Une réforme qui s’articule en trois axes
Avant la réforme du « 100 % santé », le reste à charge (RAC) financé par les ménages, qu’ils soient couverts ou non par une complémentaire santé, pouvait être particulièrement important pour les prothèses dentaires (320 euros en moyenne en 2017), les audioprothèses (1 600 euros) et les lunettes (250 euros pour une paire à verres complexes.
Pour faciliter l’accès aux soins, la réforme du « 100 % santé », complètement déployée en 2021, mobilise trois leviers :
- la mise en place de prix limites de vente,
- la revalorisation de la base de remboursement de la sécurité sociale (BRSS)
- l’obligation pour les contrats de complémentaire santé responsables de prendre en charge la totalité du reste à charge après intervention de l’assurance maladie obligatoire. Ainsi, chaque bénéficiaire d’un contrat de complémentaire santé responsable a accès à un panier de biens sans reste à charge en dentaire, audiologie et optique, auquel il est libre de recourir.

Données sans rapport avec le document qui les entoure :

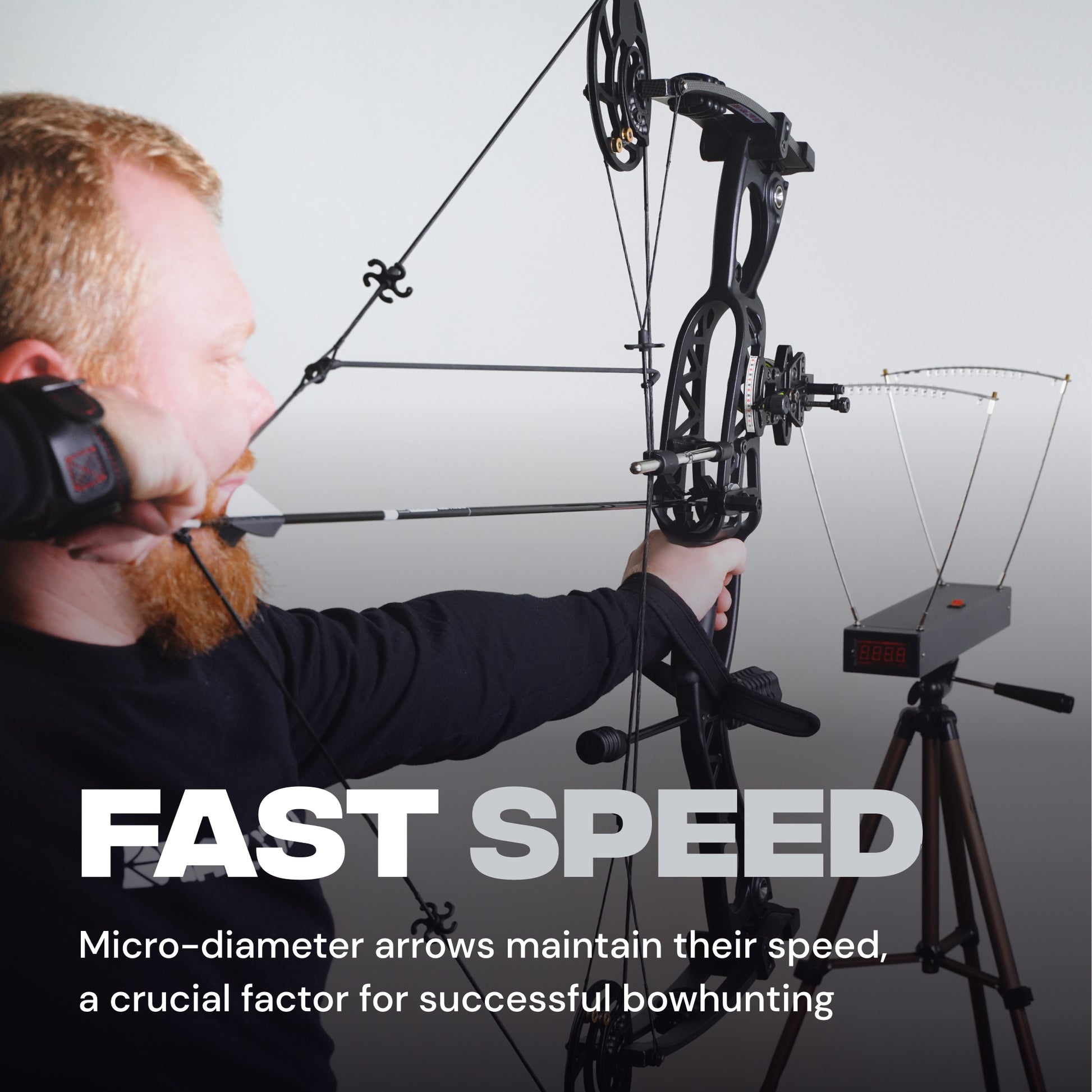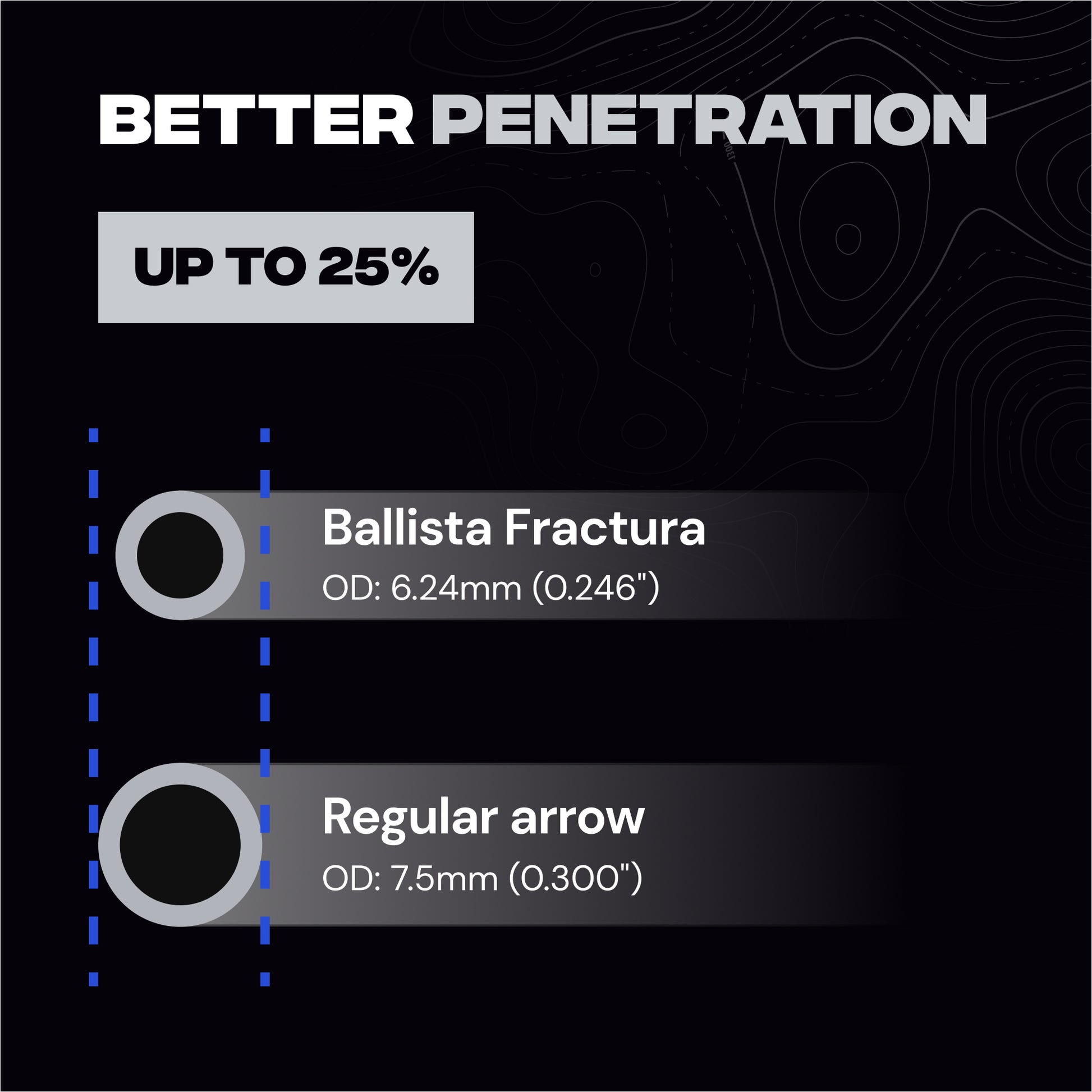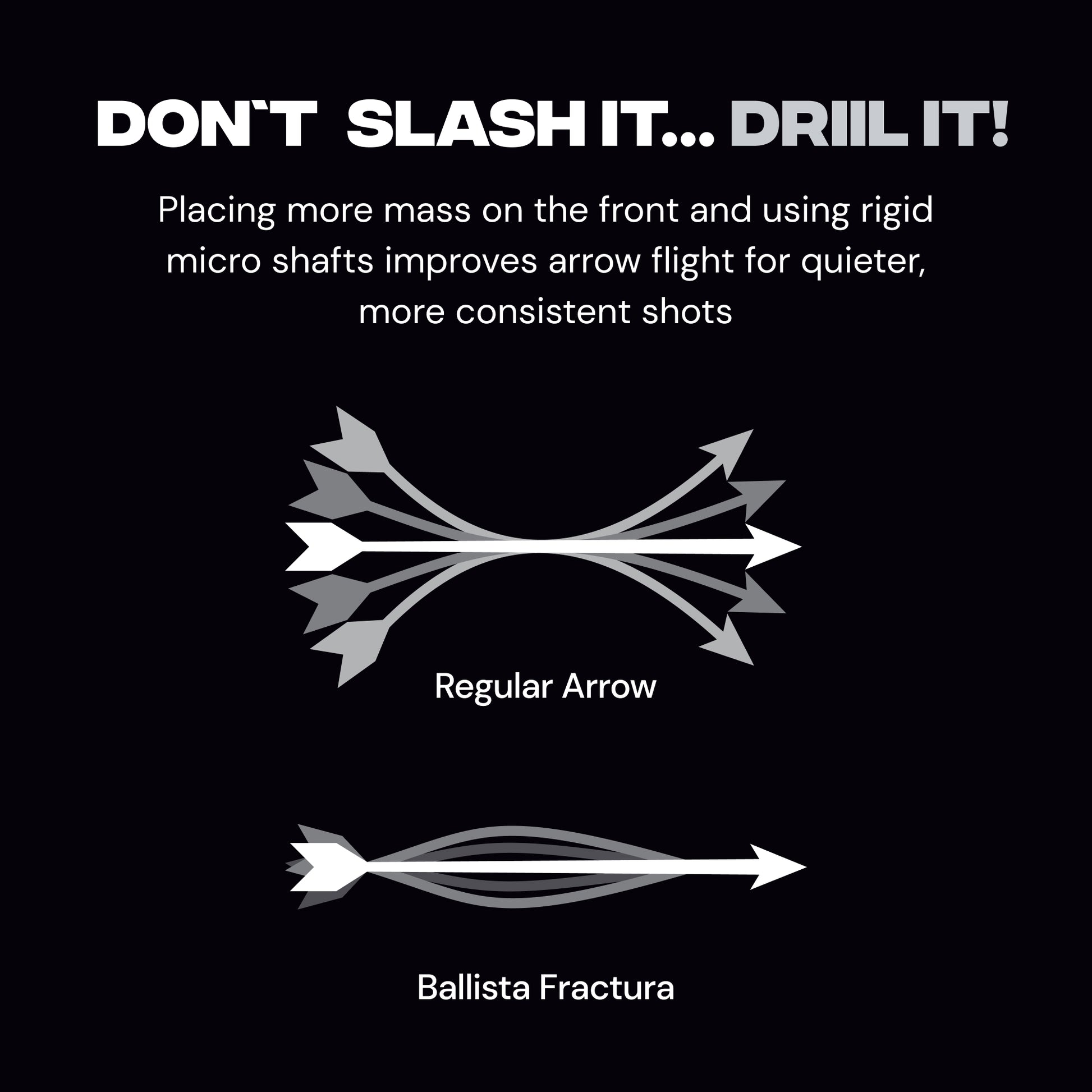 These high-performance Ballista Fractura black carbon hunting arrows feature a micro-diameter design for enhanced downrange velocity, better penetration, and reduced wind drift. Crafted with 100% high modulus carbon fiber for strength and durability, the arrows come in a set of 6 with a 30-inch length. The special coating improves penetration and allows for easy removal from targets, while the straightness and spine alignment ensure increased accuracy and tighter grouping. With the ability to adjust the arrow weight by replacing the insert and tip, these versatile arrows are ideal for compound and recurve bow hunting.

9 bénéficiaires de contrats individuels sur 10, contre 7 sur 10 en collectif, disposaient d’au moins une garantie inférieure au 100 % santé en 2019
En 2019, les contrats de 7 bénéficiaires de complémentaires santé sur 10 comportaient une garantie de remboursement inférieure à celle imposée par la réforme pour la pose d’une prothèse dentaire ; et la même part pour l’achat d’une paire d’audioprothèses. En optique, en revanche, moins d’un bénéficiaire sur 10 disposait de garanties de remboursement inférieures.
En définitive, plus de 8 bénéficiaires sur 10 disposaient d’au moins une garantie inférieure à celles imposées par la réforme du 100 % santé (plus de 9 bénéficiaires sur 10 en contrat individuel et 7 sur 10 en contrat collectif).
Les bénéficiaires avec des garanties supérieures au 100 % santé dès 2019 ont pu aussi bénéficier d’un autre levier de la réforme : les prix limites de vente. La réforme peut donc avoir un effet sur l’ensemble des consommants, dont l’ampleur ne peut être mesurée a priori car elle dépend des potentiels réajustements, tant des contrats d’assurance complémentaires santé proposés (garanties et primes) que des prix de vente pratiqués sur des produits de santé en dehors du panier 100 % santé.
Graphique - Part des bénéficiaires de contrat de complémentaire santé avec une garantie inférieure à celle imposée par le 100 % santé en 2019, par garantie et type de contrat
Davantage de recours au 100 % santé en audiologie et en dentaire qu’en optique
Sur l’année 2021, le recours au panier 100 % santé est nettement plus marqué en audiologie et dentaire (respectivement 57 % et 39 %) qu’en optique (7 % pour les verres et 5 % pour les montures), en lien probablement avec la part des bénéficiaires couverts avant la réforme par un contrat de complémentaire offrant des garanties inférieures à celles imposées par le 100 % santé.
Méthodologie
L’enquête auprès des organismes de complémentaire santé de la DREES (enquête OC) a pour objet de connaître l’activité des organismes offrant des couvertures complémentaires santé, la population couverte, les garanties offertes et leurs modes de tarification. L’enquête sur l’année 2019 a été réalisée entre septembre 2020 et janvier 2021 auprès des trois types d’organismes : mutuelles, institutions de prévoyance et sociétés d’assurance, sur leurs dix contrats individuels et collectifs les plus souscrits (hors ACS, CMU-C, CSS). Les niveaux de garantie des contrats sont des montants théoriques de remboursement auxquels chaque bénéficiaire peut prétendre en cas de recours aux soins, et non les remboursements effectifs perçus par les assurés. Cette enquête permet de positionner les niveaux de couverture proposés par les complémentaires en 2019 par rapport à ceux imposés par la réforme du 100 % santé. Cependant, pour appréhender les modifications à la suite de la réforme de l’offre de couverture santé sur les biens hors panier 100 % santé ou les autres garanties, il faudra attendre les résultats de l’enquête sur données 2021 (qui seront publiés par la DREES d’ici avril 2023).